2.1 Required arguments

Each of the following arguments are required. Failure to provide a required argument will result in a non-zero exit-code.

--input INPUT [INPUT ...]

Input FastQ or BAM file(s).
type: file(s)

One or more FastQ files can be provided. The pipeline does NOT support single-end data. From the command-line, each input file should seperated by a space. Globbing is supported! This makes selecting FastQ files easy. Input FastQ files should always be gzipp-ed.

Example: --input .tests/*.R?.fastq.gz


--output OUTPUT

Path to an output directory.
type: path

This location is where the pipeline will create all of its output files, also known as the pipeline's working directory. If the provided output directory does not exist, it will be created automatically.

Example: --output /data/$USER/ervx_out

--genome {hg38_20,mm10_70,hg19_19}

This option defines the reference genome for your set of samples. On Biowulf and Locus, ervx does comes bundled with pre built reference files for human and mouse samples.

Example: --genome mm10_70

2.2 Analysis options


--star-2-pass-basic

Run STAR in per sample 2-pass mapping mode.
type: boolean

It is recommended to use this option when processing a set of unrelated samples or when processing samples in a clinical setting. It is not adivsed to use this option for a study with multiple related samples.

By default, the pipeline ultilizes a multi sample 2-pass mapping approach where the set of splice junctions detected across all samples are provided to the second pass of STAR. This option overrides the default behavior so each sample will be processed in a per sample two-pass basic mode. This option should not be combined with the small RNA option. If the two options are combined, STAR will run in pass basic mode.

Example: --star-2-pass-basic

2.3 Orchestration options

Each of the following arguments are optional, and do not need to be provided, except that --sif-cache --mode --tmp-dir and --shared-resources are required options on Locus.

--dry-run

Dry run the pipeline.
type: boolean flag

Displays what steps in the pipeline remain or will be run. Does not execute anything!

Example: --dry-run


--shared-resources SHARED_RESOURCES

Local path to shared resources.
type: path

The pipeline uses a set of shared reference files that can be re-used across reference genomes. These currently include reference files for kraken and FQScreen. These reference files can be downloaded with the build sub command's --shared-resources option. With that being said, these files only need to be downloaded once. We recommend storing this files in a shared location on the filesystem that other people can access. If you are running the pipeline on Biowulf, you do NOT need to download these reference files! They already exist on the filesystem in a location that anyone can acceess; however, if you are running the pipeline on another cluster or target system, you will need to download the shared resources with the build sub command, and you will need to provide this option every time you run the pipeline. Please provide the same path that was provided to the build sub command's --shared-resources option. Again, if you are running the pipeline on Biowulf, you do NOT need to provide this option. For more information about how to download shared resources, please reference the build sub command's --shared-resources option.

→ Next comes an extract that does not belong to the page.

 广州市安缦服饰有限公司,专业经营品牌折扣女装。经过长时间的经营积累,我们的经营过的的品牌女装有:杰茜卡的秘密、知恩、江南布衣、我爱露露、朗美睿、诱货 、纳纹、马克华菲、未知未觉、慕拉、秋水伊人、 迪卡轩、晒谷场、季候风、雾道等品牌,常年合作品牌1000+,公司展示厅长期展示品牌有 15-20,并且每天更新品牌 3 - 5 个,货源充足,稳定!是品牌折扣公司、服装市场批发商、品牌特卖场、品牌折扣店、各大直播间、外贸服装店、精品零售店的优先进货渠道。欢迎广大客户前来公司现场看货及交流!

This is a required option on Locus, shared resources are already on Locus in /hpcdata/openomics/references/ervx/SHARED_RESOURCES/.

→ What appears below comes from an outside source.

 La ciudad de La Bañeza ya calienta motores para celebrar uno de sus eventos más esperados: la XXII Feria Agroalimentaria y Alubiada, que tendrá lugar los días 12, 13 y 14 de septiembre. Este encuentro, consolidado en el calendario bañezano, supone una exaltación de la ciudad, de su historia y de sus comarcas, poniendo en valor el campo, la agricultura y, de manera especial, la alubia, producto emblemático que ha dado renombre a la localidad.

Example: --shared-resources /hpcdata/openomics/references/ervx/SHARED_RESOURCES/


--silent

Silence standard output.
type: boolean flag

Reduces the amount of information directed to standard output when submitting master job to the job scheduler. Only the job id of the master job is returned.

Example: --silent


--mode {slurm,uge,local}

Execution Method.
type: string
default: slurm

Execution Method. Defines the mode or method of execution. Vaild mode options include: slurm or local.

slurm
The slurm execution method will submit jobs to the SLURM workload manager. It is recommended running ervx in this mode as execution will be significantly faster in a distributed environment. This is the default mode of execution.

uge
The uge execution method will submit jobs to the UGE workload manager. This option is required on Locus.

local
Local executions will run serially on compute instance. This is useful for testing, debugging, or when a users does not have access to a high performance computing environment. If this option is not provided, it will default to a local execution mode.

Example: --mode slurm


--job-name JOB_NAME

Set the name of the pipeline's master job.
type: string default: pl:ervx

When submitting the pipeline to a job scheduler, like SLURM, this option always you to set the name of the pipeline's master job. By default, the name of the pipeline's master job is set to "pl:ervx".

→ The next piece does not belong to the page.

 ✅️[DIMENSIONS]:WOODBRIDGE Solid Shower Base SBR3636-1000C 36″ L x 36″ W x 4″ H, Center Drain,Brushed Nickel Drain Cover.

Example: --job-name pl_id-42


--singularity-cache SINGULARITY_CACHE

Overrides the $SINGULARITY_CACHEDIR environment variable.
type: path
default: --output OUTPUT/.singularity

Singularity will cache image layers pulled from remote registries. This ultimately speeds up the process of pull an image from DockerHub if an image layer already exists in the singularity cache directory. By default, the cache is set to the value provided to the --output argument. Please note that this cache cannot be shared across users. Singularity strictly enforces you own the cache directory and will return a non-zero exit code if you do not own the cache directory! See the --sif-cache option to create a shareable resource.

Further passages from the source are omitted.